- [Records for processing]:
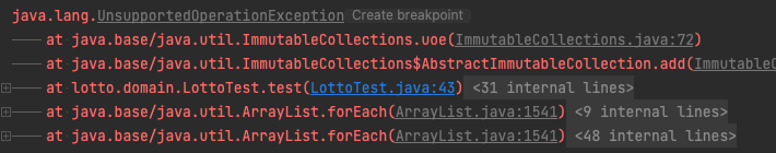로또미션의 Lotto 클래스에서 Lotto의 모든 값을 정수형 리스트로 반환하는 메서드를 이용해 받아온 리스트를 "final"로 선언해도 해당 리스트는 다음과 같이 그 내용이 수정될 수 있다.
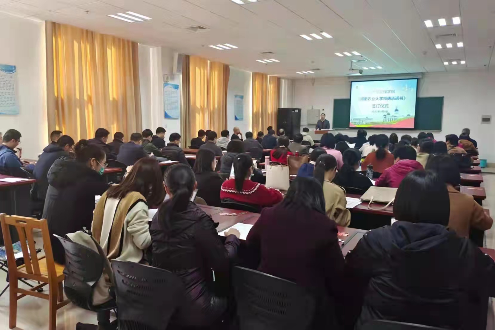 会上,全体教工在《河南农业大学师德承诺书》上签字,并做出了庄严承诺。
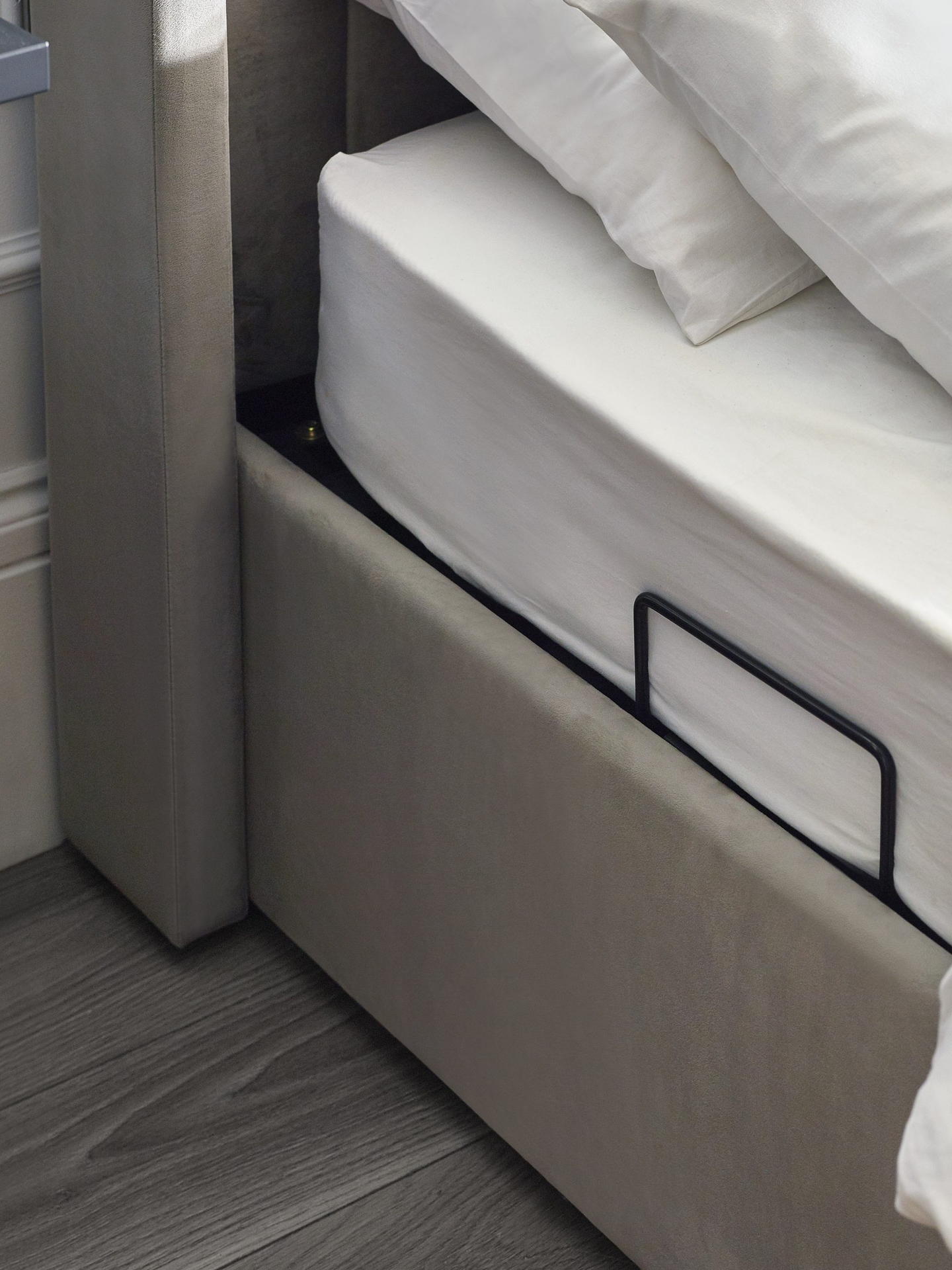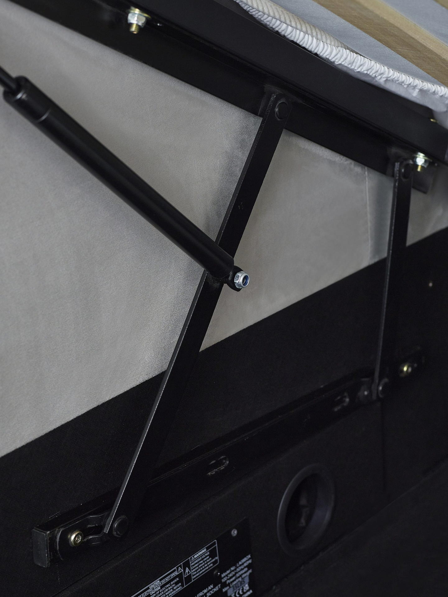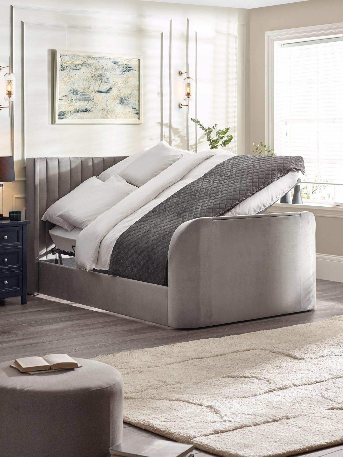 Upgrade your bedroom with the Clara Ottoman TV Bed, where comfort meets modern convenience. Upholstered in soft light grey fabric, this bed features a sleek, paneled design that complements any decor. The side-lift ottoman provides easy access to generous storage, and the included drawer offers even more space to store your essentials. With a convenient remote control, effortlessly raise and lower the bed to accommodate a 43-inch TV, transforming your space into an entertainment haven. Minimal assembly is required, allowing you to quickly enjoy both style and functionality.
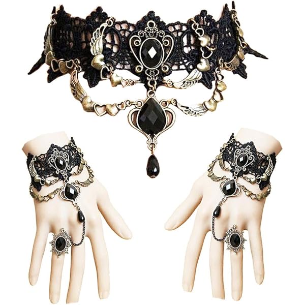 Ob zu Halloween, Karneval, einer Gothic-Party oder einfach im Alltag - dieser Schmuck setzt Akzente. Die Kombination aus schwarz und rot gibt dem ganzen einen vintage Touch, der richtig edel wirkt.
---
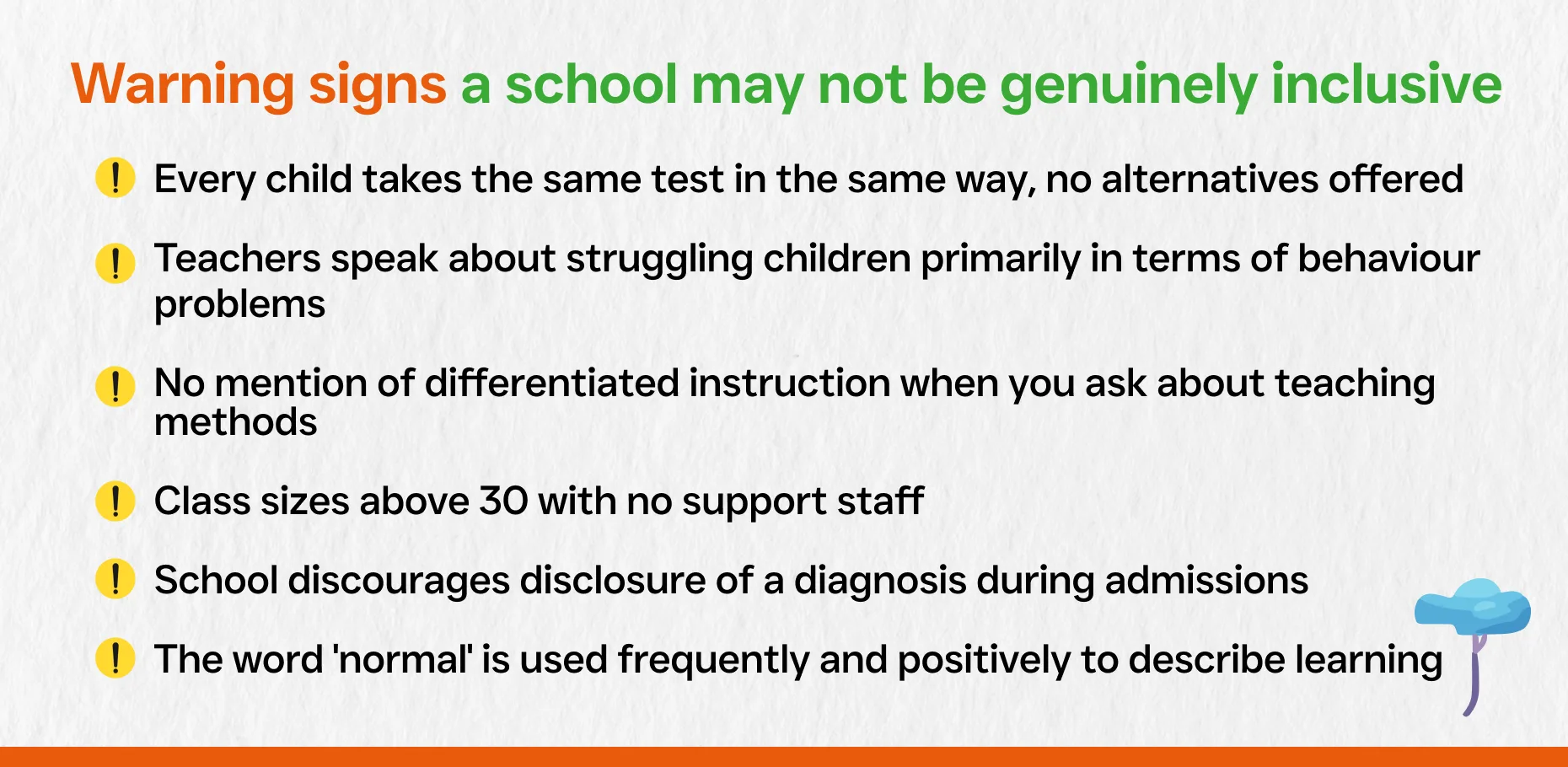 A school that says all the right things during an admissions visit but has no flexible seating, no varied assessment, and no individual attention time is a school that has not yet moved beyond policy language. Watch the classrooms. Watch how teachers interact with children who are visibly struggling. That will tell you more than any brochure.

- [Your goal]:
Within the entries above, the lines from the one containing "Upgrade your bedroom" through the one containing "Ob zu Halloween, Karneval, einer" are to be transcribed exactly, ends included, pictures excluded.

- [Exercise response]:
 Upgrade your bedroom with the Clara Ottoman TV Bed, where comfort meets modern convenience. Upholstered in soft light grey fabric, this bed features a sleek, paneled design that complements any decor. The side-lift ottoman provides easy access to generous storage, and the included drawer offers even more space to store your essentials. With a convenient remote control, effortlessly raise and lower the bed to accommodate a 43-inch TV, transforming your space into an entertainment haven. Minimal assembly is required, allowing you to quickly enjoy both style and functionality.
 Ob zu Halloween, Karneval, einer Gothic-Party oder einfach im Alltag - dieser Schmuck setzt Akzente. Die Kombination aus schwarz und rot gibt dem ganzen einen vintage Touch, der richtig edel wirkt.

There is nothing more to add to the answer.